La chronique Culture avec Claude Deschênes

Auteur(e)
Photo: Martine Doucet

Claude Deschênes

Claude Deschênes a travaillé à la radio et à la télévision de Radio-Canada pendant 33 ans, principalement à couvrir la scène culturelle pour le Téléjournal et le Réseau de l’information (RDI). On le retrouve maintenant à France 2 comme collaborateur de l’émission Télématin. Il continue aussi de partager son intérêt pour la culture et les arts sur différentes plateformes. On peut suivre ses reportages sur le blogue claudedeschenes.ca.
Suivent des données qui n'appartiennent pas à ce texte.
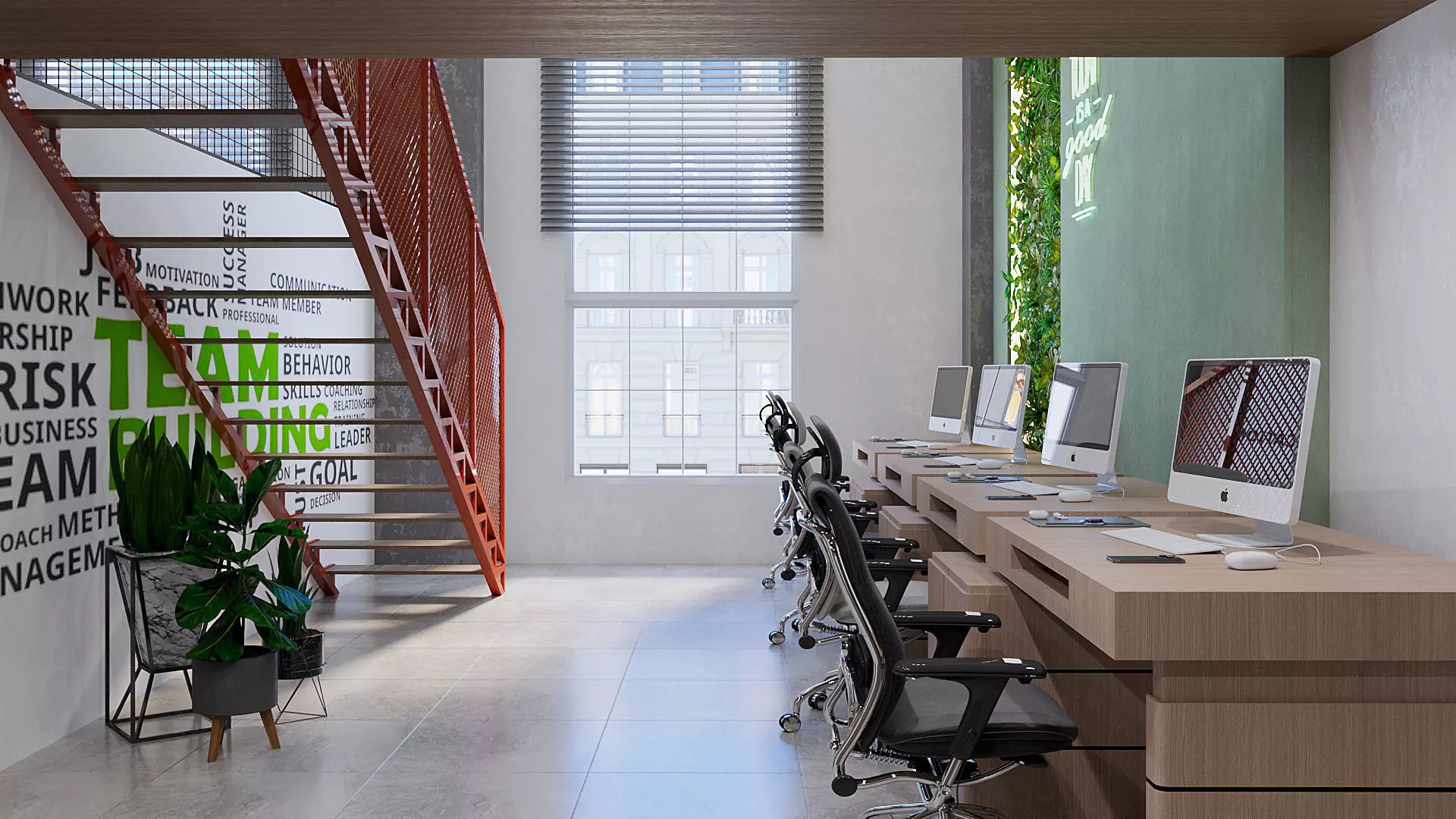 The staircase often acts as a visual centerpiece within the office.

Il a aussi publié sur le site d’actualité Huffington Post Québec et dans différentes publications de la presse écrite. Claude Deschênes agit aussi comme animateur et porte-parole d’événements ainsi que conférencier, notamment dans le réseau des universités du troisième âge.

L’heptade d’Harmonium 40 ans plus tard

Ma mère n’était pas très intéressée par le passé. Elle préférait le présent et voir devant. Pourquoi je me rappelle de ça? Parce que cette semaine, le passé nous fait tout un clin d’œil avec le retour de l’heptade du groupe Harmonium, un disque marquant de l’histoire musicale du Québec. Je l’ai réécouté, et en pensant à ma maman, je me suis dit que des fois c’est réconfortant de revenir dans le temps, d’autant plus qu’elle a une place dans ma téléportation de cette semaine.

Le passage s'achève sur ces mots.